Legionella spp. are pathogens of free-living protozoa that can cause a respiratory disease called legionellosis. Pneumonia caused by L. micdadei is mainly associated with hospital infections and primarily affects immunosuppressed patients. The infection of host cells by L. micdadei is facilitated by specialized mechanisms through which the bacteria modulate host cell physiology to create a replicative niche. Central to this process is the Dot/Icm Type IV secretion system (T4SS), complemented by the Type II secretion system (T2SS) and other host-manipulation strategies involving specific proteins.
This study aimed to analyze the composition of the outer (OM) and inner membrane (IM) proteins isolated from L. micdadei bacteria.
The bacterial mass collected from BCYE plates was digested with DNase and RNase and then disintegrated in a French press. A sucrose density gradient was used to isolate the outer and inner membranes of L. micdadei. Proteins isolated from these membranes were analyzed using liquid chromatography with tandem mass spectrometry (LC-MS-MS). The L. micdadei proteome was investigated through diverse subtractive proteomics approaches, e.g., identification of pathogen-specific essential proteins, and draggability.

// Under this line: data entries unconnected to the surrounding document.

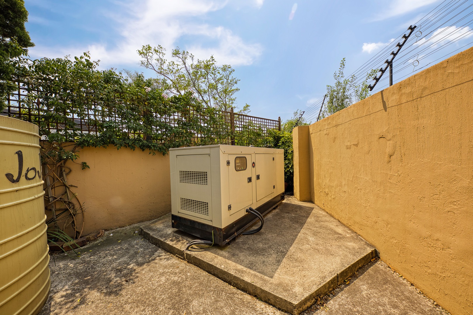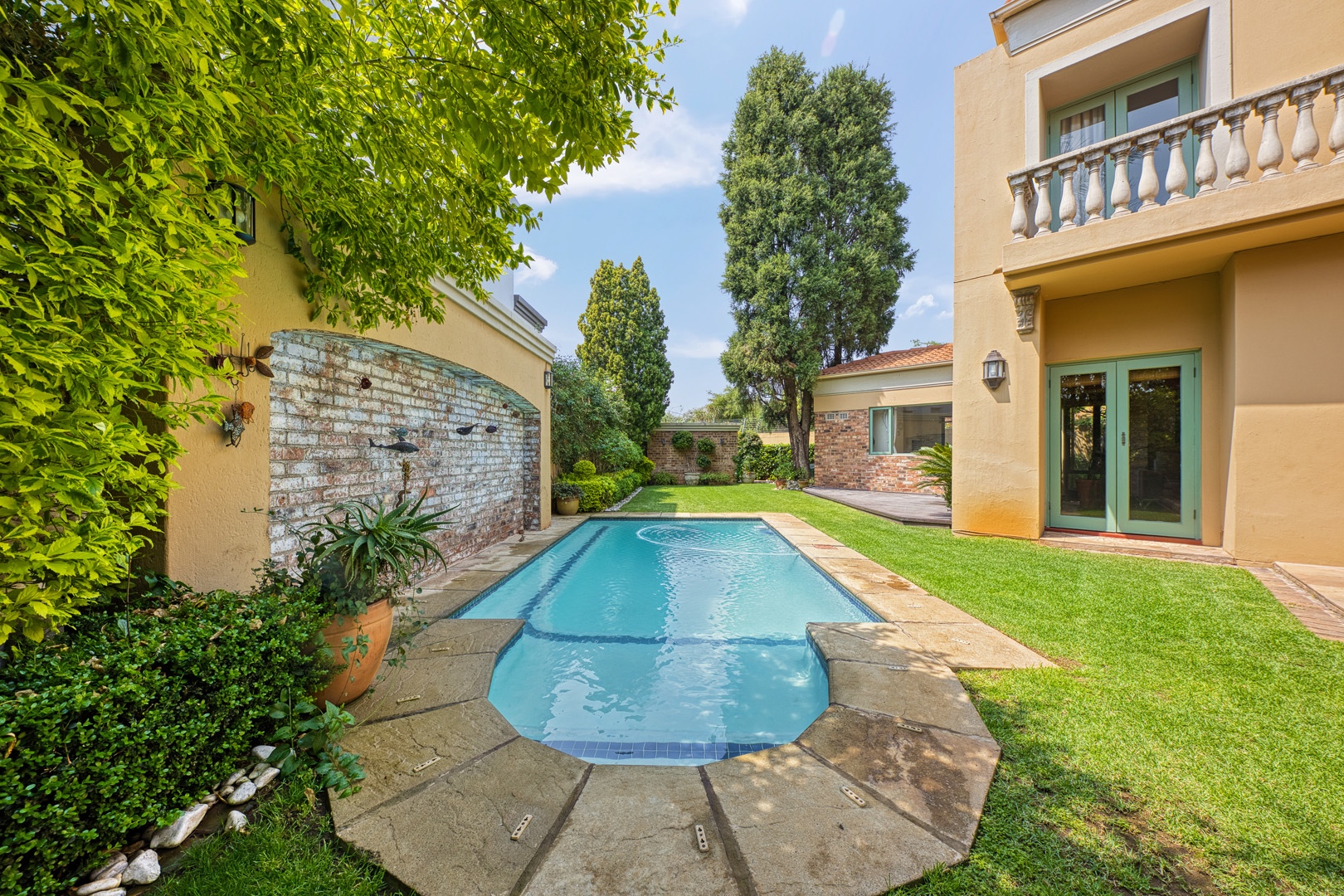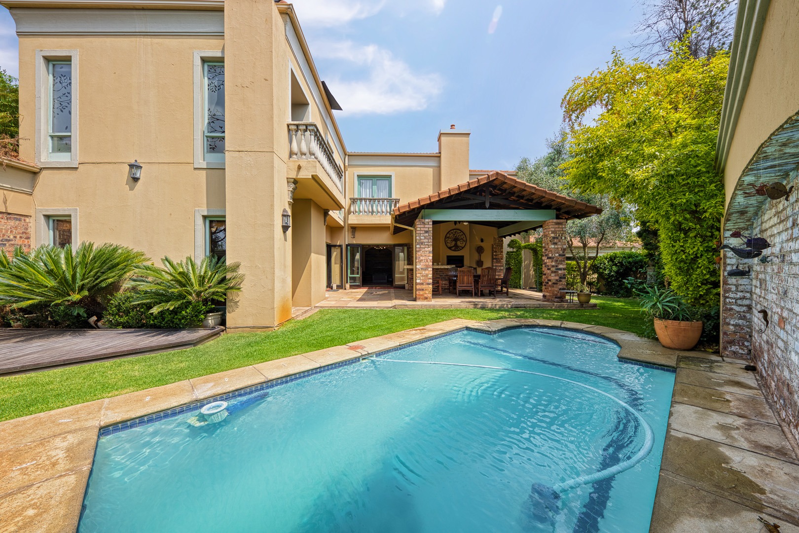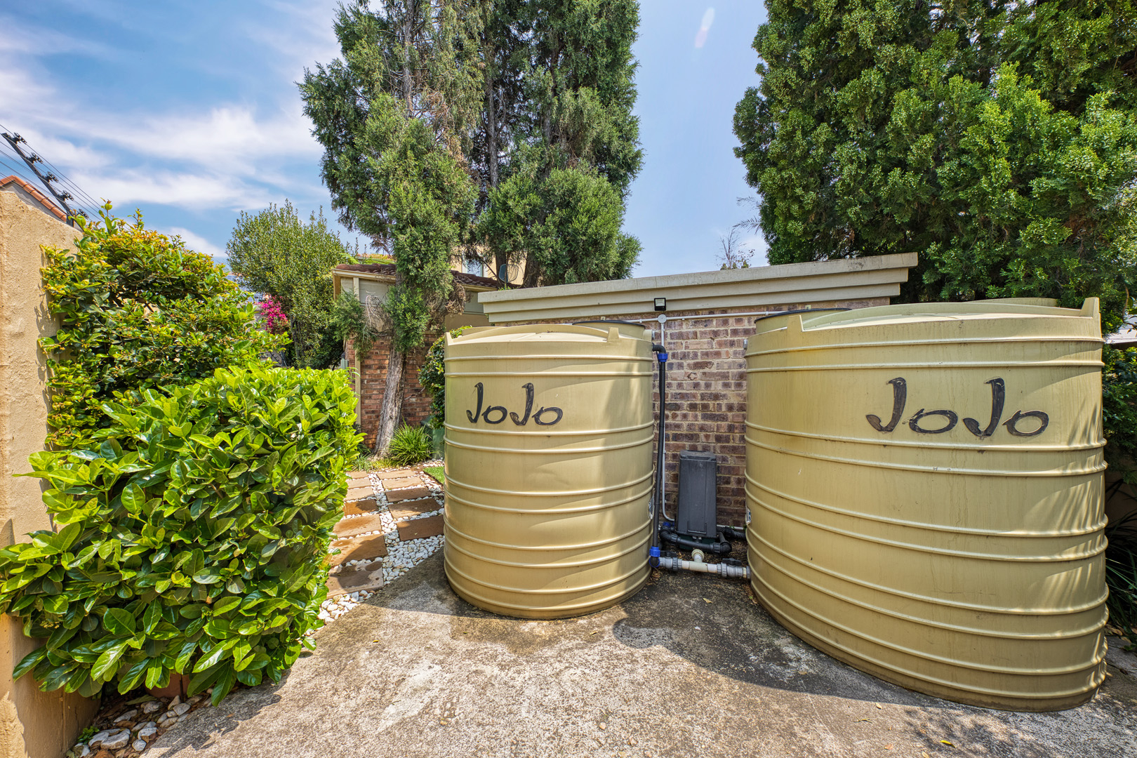 garden, and a sparkling pool. With a borehole, generator, and two JoJo tanks,
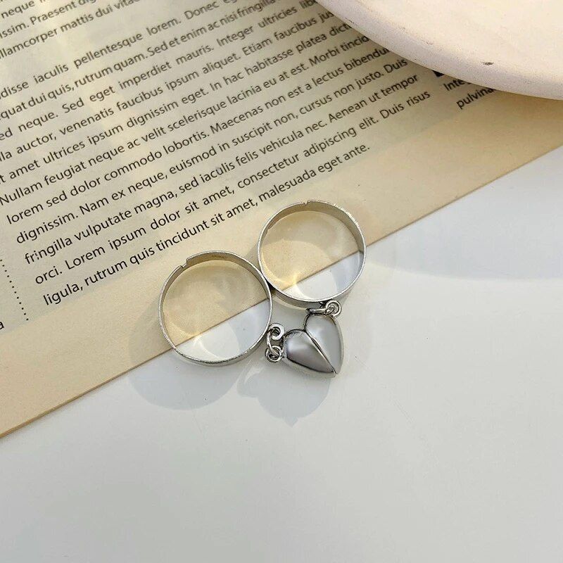 Introducing our Magnetic Heart Couple Rings Set, a fashionable and meaningful way to express your bond with that special someone or your closest friend. Crafted from high-quality zinc alloy and designed with a trendy silver finish, these rings are not just jewelry; they’re a pledge of affection, suitable for every occasion.
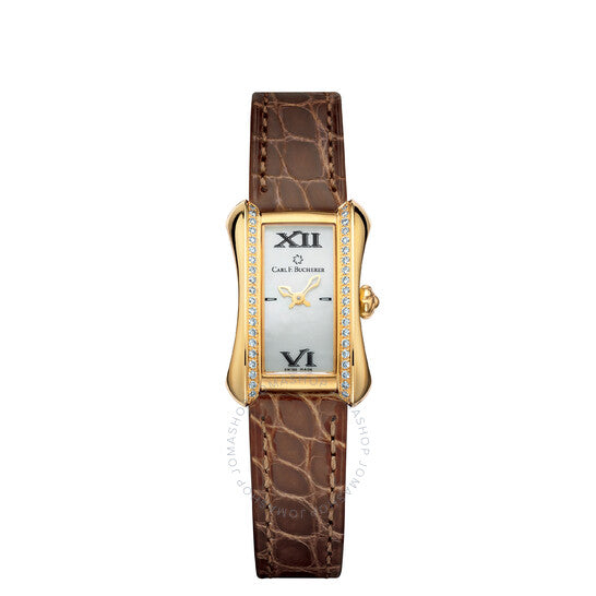 علبة من الذهب الأصفر عيار 18 قيراطًا مع سوار من جلد التمساح البني. إطار ثابت مرصع بالألماس. ميناء من عرق اللؤلؤ مع عقارب ذهبية اللون وأرقام رومانية عند علامتي الساعة 6 و12. نوع الميناء: تناظري. حركة كوارتز كارل إف. بوخرر كاليبر CFB 1850. زجاج ياقوت مقاوم للخدش. تاج قابل للسحب/الدفع. حجم العلبة: 21 مم × 30 مم. سمك العلبة: 6.2 مم. شكل العلبة فريد. مقاومة للماء حتى عمق 30 مترًا / 100 قدم. الوظائف: الساعة، الدقائق. معلومات إضافية: علبة مرصعة بـ 40 ماسة fc tw vvs 0.3 قيراط. طراز ساعة فاخر. علامة الساعة: صناعة سويسرية. تنوعات المنتج: 369.314.7. ساعة كارل إف. بوخرر ألاكريا برينسيس النسائية 00.10703.01.71.11.
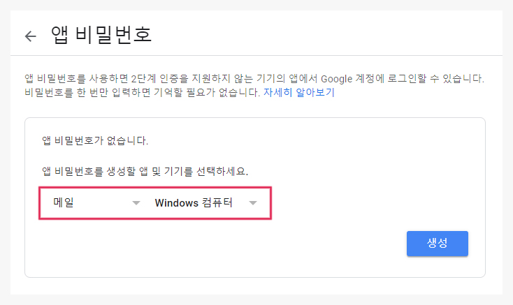 이 페이지에서는 앱 비밀번호를 생성할 앱 및 기기를 선택해야 합니다.
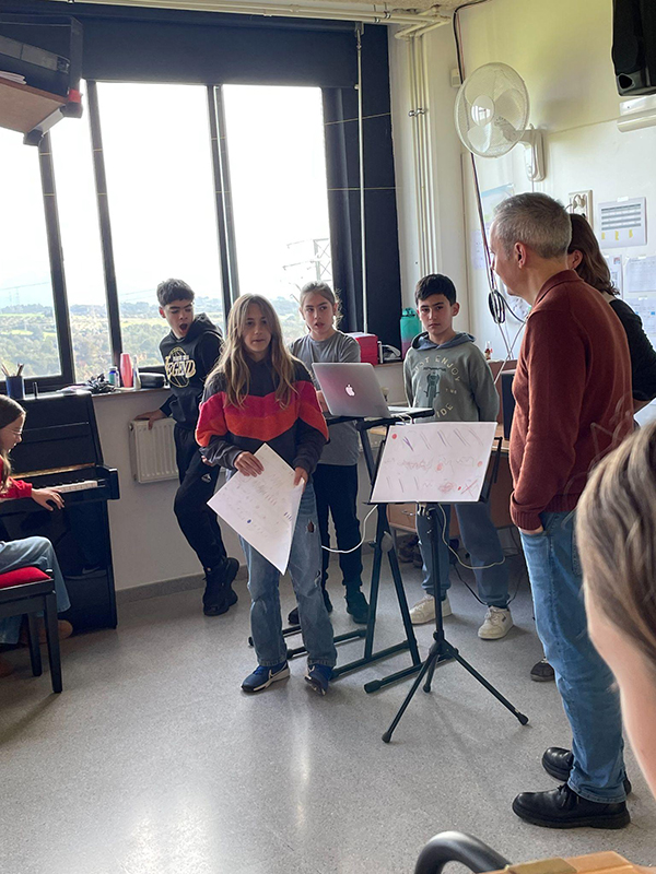 La segona fase, de gener a febrer, es va centrar en la composició: l’alumnat va proposar idees musicals, les va contrastar en assemblea —una dinàmica molt consolidada al centre— i va elaborar una primera versió col·lectiva de la seva pròpia obra, inspirada en els trets de l’obra seleccionada, que va servir com a punt de partida de l’exploració.

A detailed analysis of the L. micdadei membrane proteome allowed for the identification of 1784 proteins, including virulence factors, proteins associated with the transport of substances across cell membranes and the synthesis of cell membrane components, proteins related to bacterial mobility, and signal transduction pathways. The virulence factors present in L. micdadei membranes included protein building type IVB and II secretion systems, as well as major outer membrane protein (MOMP), macrophage infectivity potentiator (Mip), periplasmic protein EnhC, RND efflux system, outer membrane lipoprotein, the NodT family, and phosphatidylglycerol-prolipoprotein diacylglyceryl transferase.
The identification of L. micdadei membrane proteins and the elucidation of their functions provide deeper insights into the mechanisms underlying the pathogenesis of these microorganisms.